The interesting thing scientifically about the cluster is that it indicates this is a middle aged, boring quiet galaxy that had some sort of turbulent, troubled past. Maybe it either narrowly escaped being destroyed or colliding with another galaxy, or it ate a smaller galaxy at some point.

“We work very hard to try and figure out how the star formation rate has changed over time in galaxies. So we were expecting to have to do a very complex and detailed statistical analysis of stellar ages, but then there is a huge star cluster staring us in the face, like a big sign saying 'something cool happened here 12 billion years ago.'

“The Pegasus dwarf galaxy couldn’t be more different from the Milky Way- it’s a tiny little blob. But the star cluster is, as far as we can see, exactly like the star clusters that we have in our Milky Way.

“So it suggests there is a commonality to the process of star formation and that star formation happened in common ways between the two different galaxies."

Perhaps the most amazing coincidence in the case of the missing galaxy is that a young Dr Cole almost did this work nearly 20 years ago.

 “When I was a 26-year-old PhD student, I worked on a paper on the same galaxy and we just missed the cluster. It was just at the edge of the field of view.

“There was a throwaway line in the paper my thesis supervisor wrote about how ‘there seems to be a star cluster here but we’re not able to make any definite measurements.’ We had even forgotten we had written that. At the time, the data weren’t good enough to say anything specific about it.”

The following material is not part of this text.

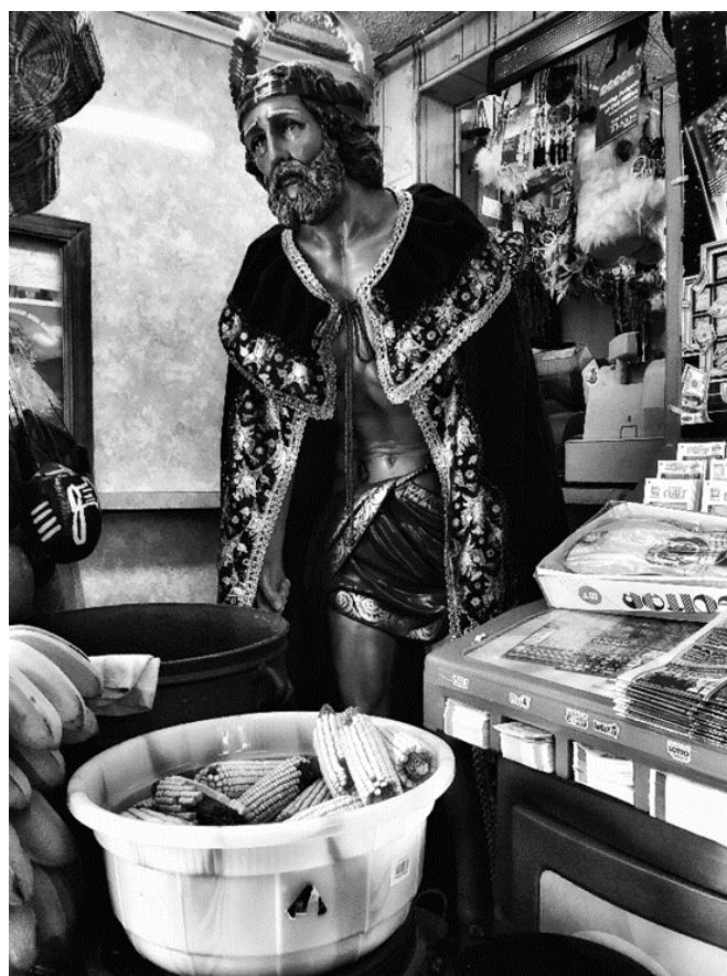
Figure 2. Located across the street from Rincón is a botanica, named Botanica San Lázaro, that caters to the religious supply needs of practitioners of Santería/Lucumí who also frequent the church. Patrons are greeted by a somber towering statue of San Lázaro, who stands in front of the register, next to a stand of empty lottery tickets which visitors to the store can purchase along with candles, amulets, and a plethora of other religious goods.

Dr Cole said there’s lots of potential for further investigation, and plans to follow up with observations to work out exactly what the cluster’s mass is, details about its age and chemical composition, and the significance of its unusual location at the exact centre of its host galaxy.

And he will be sure let the original discoverers know he’s found their star cluster again.

They’ll be amused that it’s taken 35 years to improve on their paper.

The paper DDO216-A1: A central globular cluster in a low-luminosity transition type galaxy is online: http://arxiv.org/abs/1609.04509

This research is based on observations made with the NASA/ESA Hubble Space Telescope, obtained at the Space Telescope Science Institute, which is operated by the Association of Universities for Research in Astronomy, Inc., under NASA contract NAS5-26555. These observations were obtained under program GO-13768.